Esto de ser algo muy explicado se lo cuento por lo de las personas que cuando no saben qué decir, o qué callar, dicen que la cosa es de sentido común, que es una manera de decir que a partir de ese momento los demás tenemos que callarnos porque si algo es de sentido común no hay nada más que se pueda objetar; tampoco menos aunque eso ya da hasta igual.
Y sin embargo, esto de explicarlo todo y explicarlo mucho a mí me parece muy bien, qué quiere que le diga, porque hay veces que con frecuencia (y hasta con impaciencia) aguarda uno ese momento en el que te dicen:
-Es de sentido común.
-¡Claro!
Donde ¡Claro! es lo que dice uno en estas ocasiones, que uno puede decirle al otro que es idiota pero prefiere decir ¡Claro! porque es menos beligerante, y a veces incluso elegante aunque todo depende, no siempre lo es pero al menos no es tan peligroso, o no tanto como para temer una pedrada del otro. Y al decir ¡Claro! es cuando uno aprovecha para escabullirse por donde menos afán tenga el explicador.
No sé qué pensará usted, pero uno cree que esto no es lo peor, que también sabrá que a veces se dice:
-Voy a explicarlo de un modo divertido.
O para que se entienda, o de un modo distendido, o de un modo divertido, que a estas alturas ya tanto da, que es el como tiro de gracia al oyente o al lector, la ola que colma el tedio de todos los vasos a medio derramar. La gente que más sabe piensa que las cuestiones más serias de la vida tienen en común con los chistes buenos en que no tienen por qué explicarse, que no necesitan explicación ni deben ser explicadas, como las cosas que no necesitan prueba en juicio. Por eso le digo que cuando alguien apela al sentido común para explicar algo es porque no se lo cree ni él mismo (o eso creo), aunque ni de esto mismo esté uno seguro, y mire que todo esto no se lo digo por maldad, que bien sé que usted es de aldea y allí el sentido común crece en racimos, sino para que vea cómo está la cosa. Y es que uno, como le contaba antes, cree que para según qué cosas las palabras son como las prendas de vestir, que para todo hay su momento, y su exceso y su defecto, y su medida justa, su falta y su sobra, y siempre el buen gusto. Que uno nunca acierte con casi nada ya es otra cosa, que creo que eso no depende de lo que pasa sino de las carencias de cada cual y qué le vamos a hacer.
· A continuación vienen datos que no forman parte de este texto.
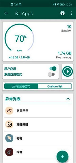 KillApps专业版是一个非常强大的任务进程杀手。其实我们大部分手机遇到上述问题都是因为后台运行了很多应用,而这个软件可以帮助我们阻止这些自动重启和查杀任务。而且关闭应用有助于消除所有应用的延迟,当然也可以加快游戏速度,提升游戏性能,让大家轻松使用和玩手机。还能够一键关闭所有正在运行的应用程序。感兴趣的朋友不要错过下载。
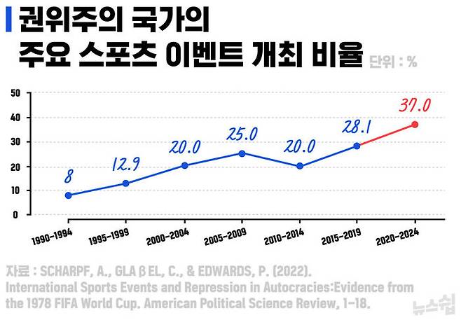 냉전 이후, 권위주의 국가일수록 스포츠 이벤트를 개최하는 경우가 잦아지고 있다는 데이터 분석 결과였다. 1990년대 초반 8%에 불과했지만, 최근 37%로 급증했다.
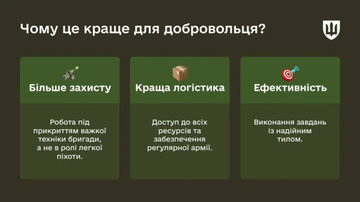 У Міноборони підкреслили, що переважна частина легіонерів тепер інтегрується до лінійних бригад, отримуючи кращу зброю, захист та доступ до важкої техніки, а вузькопрофільні фахівці працюватимуть за фахом у профільних ротах.
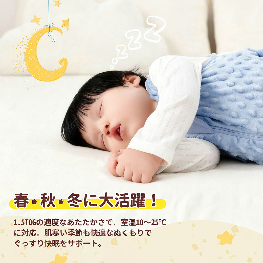 1.5TOG、10-25度 、秋 冬用のベビー寝袋です。 双方向のファスナーで夜間のオムツ変えに便利 お布団を蹴って、めくれる心配もないのです! 出産祝い、クリスマスプレゼント、お誕生日、バースデープレゼント、お祝いの贈答にピッタリです。 サイズ:S 着丈:66cm バスト:31cm 推奨身長:小なり67cm 参考年齢:新生児から6ヶ月 M 着丈:76cm バスト:33cm 推奨身長:小なり77cm 参考年齢: 6ヶ月から12ヶ月 L 着丈:86cm バスト:35cm 推奨身長:小なり87cm 参考年齢:12ヶ月から24ヶ月 注意事項 ・当店の商品は全て国内から配送されます。 ・国内配送の商品は国内でのお買い物と同じく消費税が発生いたします。関税はかかりません。 *色がある場合、モニターの発色の具合によって実際のものと色が異なる場合がある。
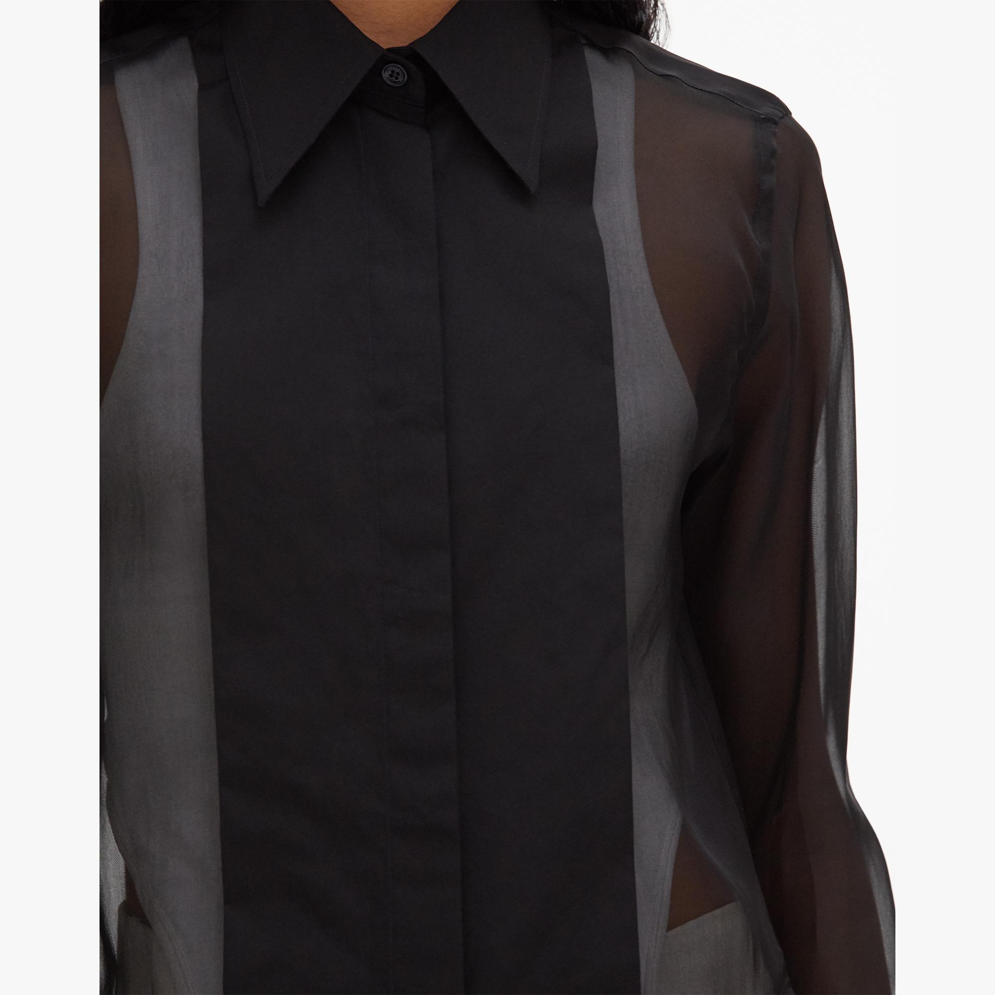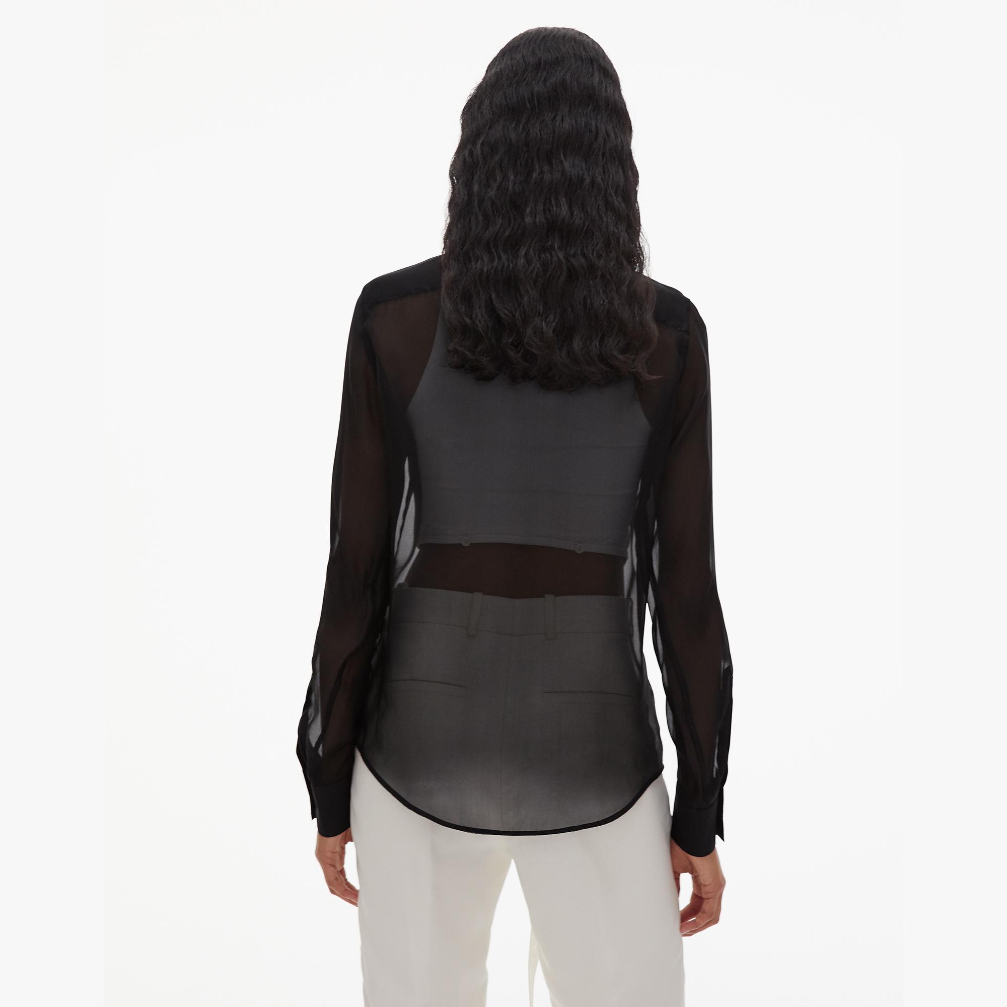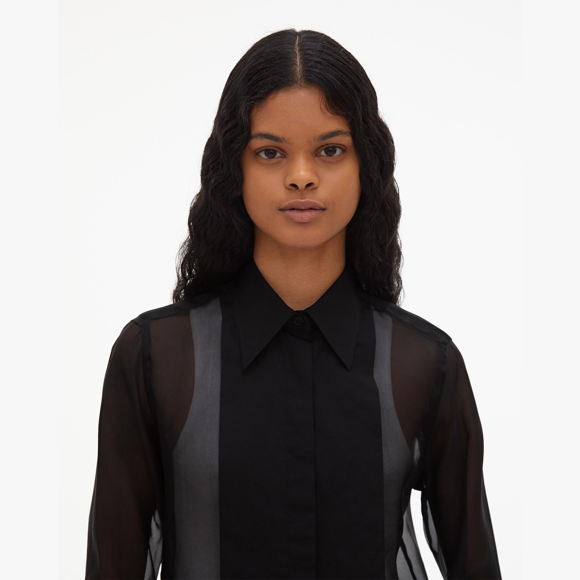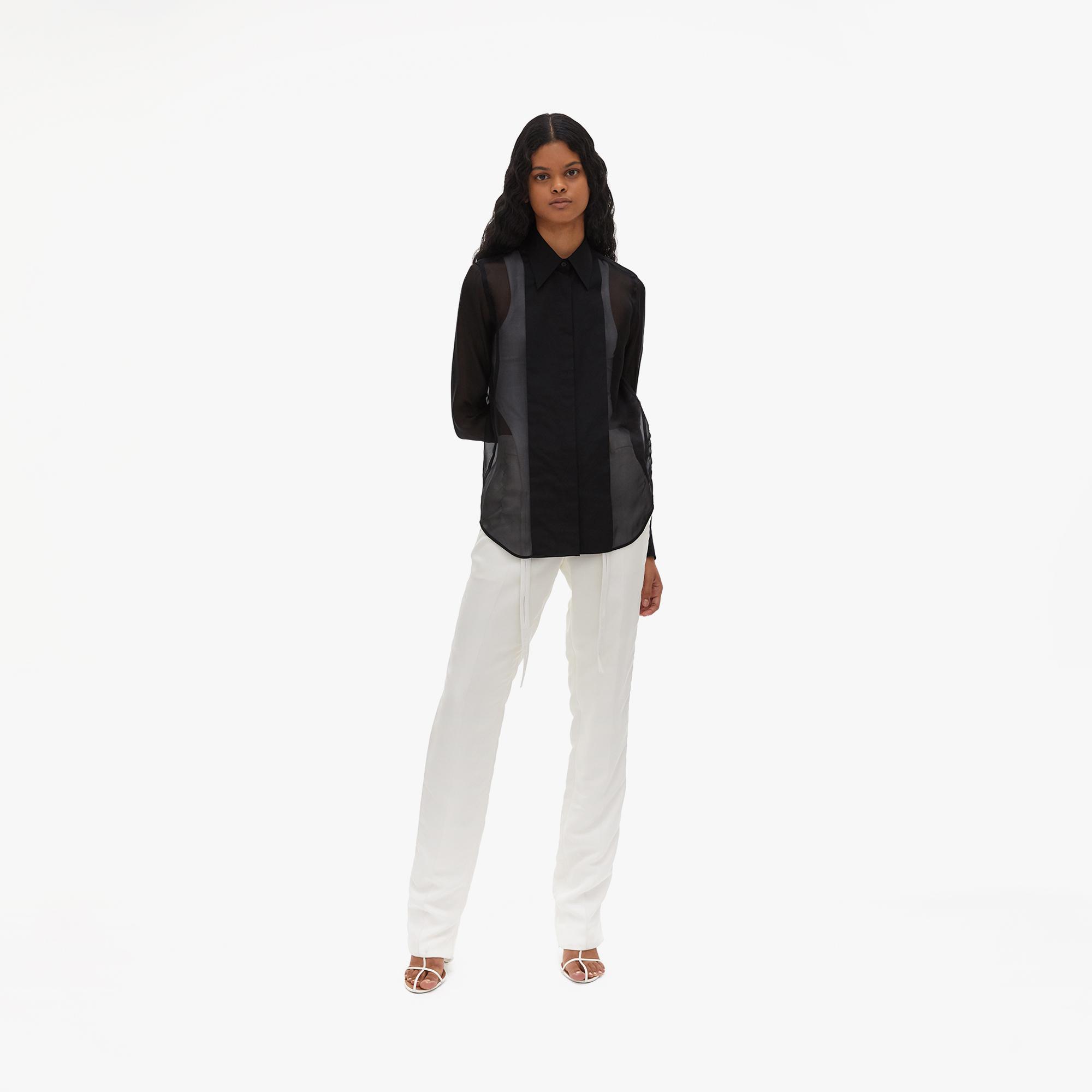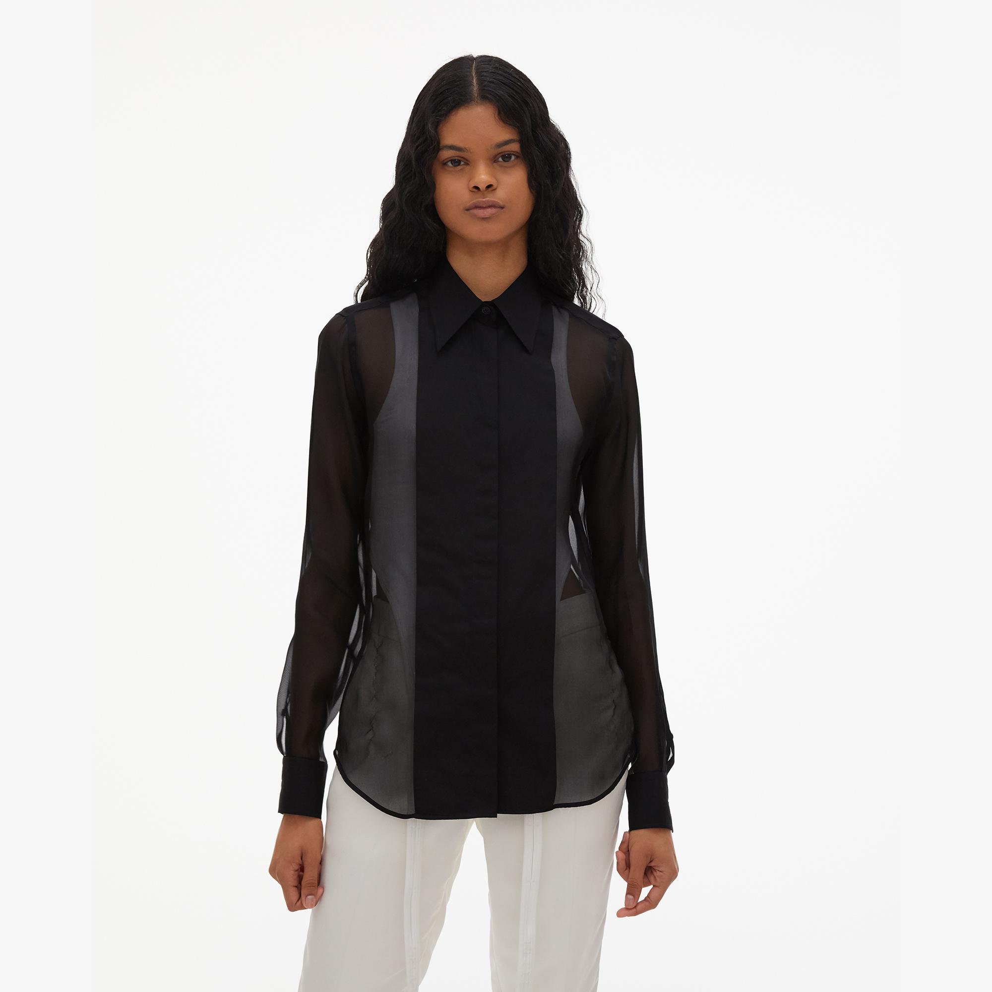 The Helmut Lang Sheer Tux Shirt is a sheer silk mesh button-down shirt with an opaque bib detail
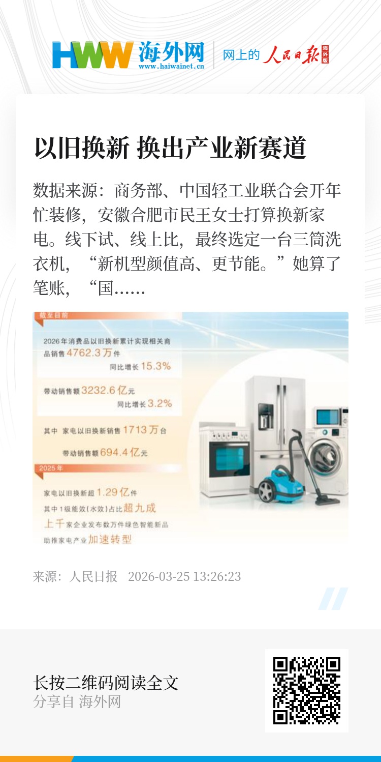 在徐东生看来,随着政策效应持续显现,绿色产品零售向供给端深入传导,材料研发、生产制造、应用验证的产业链得到焕新,形成更强的产业竞争优势。“从这个角度来看,以旧换新,换出的既是市场新产品,也在换出产业新生态。”徐东生说。
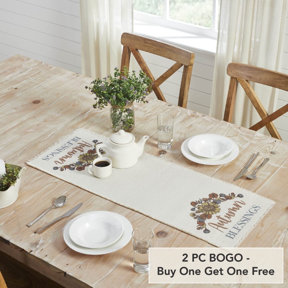 - Sku – 84062 – Bountifall Autumn Blessings Decorative Table Runner 12×36 Inch Fall Harvest Thanksgiving Home Decor Fabric Accent (2 Packages)
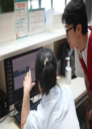 活動開始,實踐團與醫院負責人完成對接,隨即進入門診服務區域,在醫護人員指導下系統學習智慧醫療系統操作。成員們聚焦掛號分診、急診綠色通道觸發、特殊患者信息同步等核心功能,通過模擬高齡孕婦優先就診、兒童急診數據聯動等場景,深入理解“人機協同”的服務邏輯,同步記錄系統在老年患者操作適配、信息提示清晰度等方面的優化空間,為后續形成改進建議奠定基礎。

Esto era lo que quería contarle, señora, que uno cree que lo de mirar así, o inclinar la cabeza de ese otro modo, o colocar el mechón detrás de una oreja o parpadear como quien abanica son cosas que no necesitan ser explicadas, no son cosas de sentido común sino de cada uno, solo de uno y solo de quien él quiera. Por eso hay veces que queremos decir algo, una sola cosa, y necesitamos una novela entera, y ni eso; que basta un solo gesto para saberlo todo, una mirada o un silencio, que hay quien escribe porque no sabe explicarse bien, quien poetiza porque no sabe cómo decírselo, señora, que llena hojas y hojas porque no encuentra el momento, gente que la ha visto a usted y el resto de su vida será tratar de convertir al papel un cigarrillo juntos, intentar que quepan en mil libros una calada como san Agustín quiso meter el mar dentro del agujero que hizo en la arena.
Que no es lo mismo, bien lo sabemos, y por eso hay que decirlo. O no.